Wednesday, November 4, 2009
There was a time in my not so distant past that I willed myself to try to see the wonder of nature that I knew I used to see, that I used to stand in awe of and weep.
But I could no longer 'see.' Not physically, I knew it was light and dark around me, day and night...but I didn't see any of it... I couldn't feel and appreciate the world around me or my place in it.
I knew I had once seen it and that it filled me with wonder and awe...
I could remember watching a leaf as it changed color by the passing of a shadow over it.
I could remember thinking God sees every shadow, every nuance of color, beyond even what I can see... He delights in His creation and in it He is glorified.
But I could no longer see it, though I tried...
And then I remember one day standing in my laundry room doing the wash and the tree outside the window caught my eye. It was fall and it was red and wet with rain...
And I burst into tears...
I could see again.
That was a long time ago, it seems. And I am ever thankful to once again be able to 'see.'
There is so much wonder around us, yet we drive-by...
Hardly ever noticing the gift that surrounds us.
Creation...
God's Creativity...better than anything I've seen on any blog roll...
and there's some pretty inspiring things on that web!
But nothing can compare.......
Yesterday I did a brave thing with my camera...twice...
I took shots I have been fearful to take.
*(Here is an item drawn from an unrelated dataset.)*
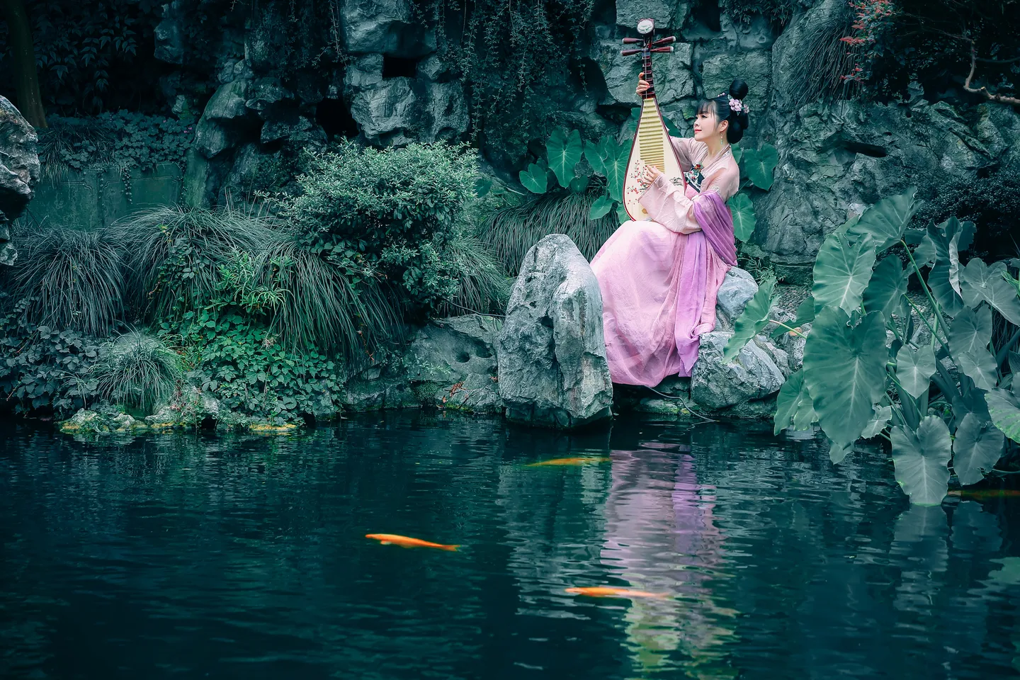 沉稳的绿,香郁的紫,透彻的潭,色调太美好了

Intrusive, personal shots.
I'm not sure how I feel about that, I feel like I've stolen something?!?
it started with this one
i loved the green of the plant next to the green of the curtain
and the natural light...
Yet after those stolen moments, it's as if my eyes were open wide the rest of the day!
I went about my work, around the house, errands, recycling...and I saw so much...
the last warm sun of summer...last night there was frost and tomorrow we're supposed to have snow!?!?